Please read all the information in the table of contents before using this article.

Unix Review Column 6 (January 1996)

One of the most important tasks in managing data is getting it into some sort of sensible order. Perl provides a fairly powerful sort operator, which has a tremendous amount of flexibility. I'm going to talk about some sorts of sorts, and hopefully you'll sort everything out by the time you're finished reading. (And no, despite the similarity to my name, I will not talk about ``random sorts''.)

Let's take a simple case. I have the words in a list somewhere in the perl program, and I want to sort them into alphabetical (technically, ascending ASCII) order.
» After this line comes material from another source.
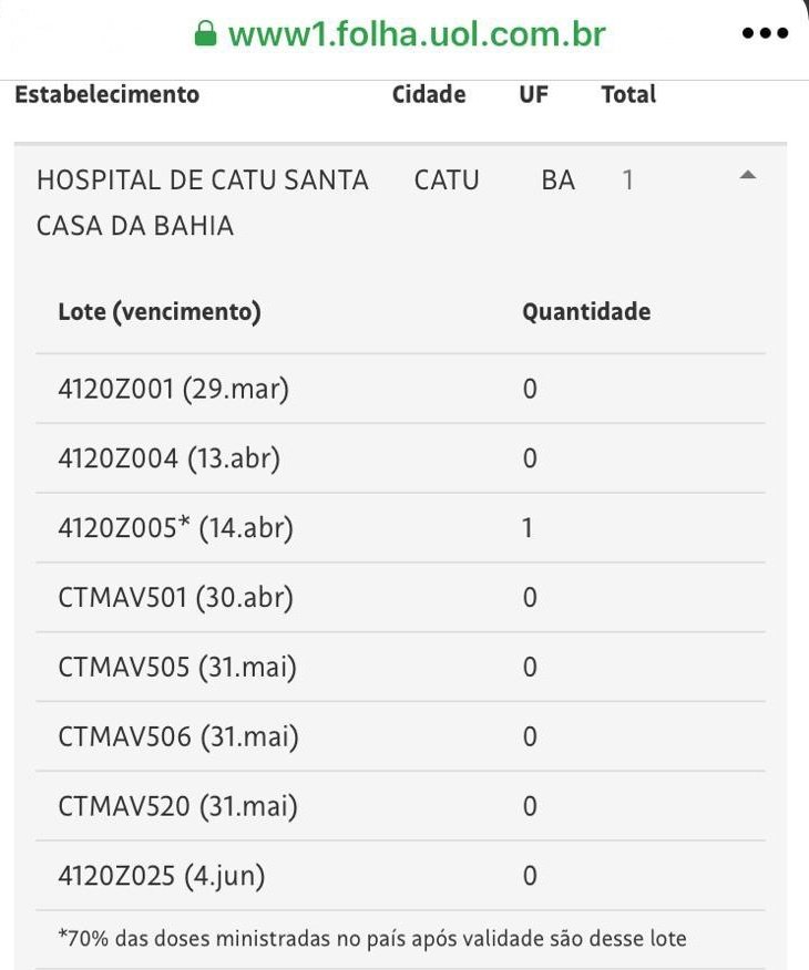 O jornal Folha de São Paulo trouxe em matéria, a informação que dados do Ministério da Saúde mostram que cerca de 26 mil doses da AstraZeneca, fora da validade foram aplicadas em 1.532 municípios. Sesab descarta aplicação de vacina vencida.

Easy enough:

        @somelist = ("Fred","Barney","Betty","Wilma");
        @sortedlist = sort @somelist;

This puts the value of (``Barney'',``Betty'',``Fred'',``Wilma'') into @sortedlist. If I had had these names in a file, I could have read them from the file:

        #!/usr/bin/perl
        @somelist = <>; # read everything
        @sortedlist = sort @somelist;
        print @sortedlist;

In this case, @somelist (and thus @sortedlist) will also have newlines at the end of each name. That's OK here, because it won't affect the sort order, and it makes printing them out that much easier.

Of course, I can shorten this a bit:

        #!/usr/bin/perl
        @somelist = <>;
        print sort @somelist;

Or even further:

        #!/usr/bin/perl
        print sort <>;

(I suppose this is what gives Perl its reputation for being cryptic.) Here, I've used no variables at all. However, it does indeed sort everything being read, and print the result.

These sorts of sorts are fine if the data is textual. However, if the data is numeric, we'll get a bad order. That's because comparing 15 with 3 as strings will place 15 before 3, not after it. Because the default sort is textual, we need some other way to tell sort to sort numerically, not textually.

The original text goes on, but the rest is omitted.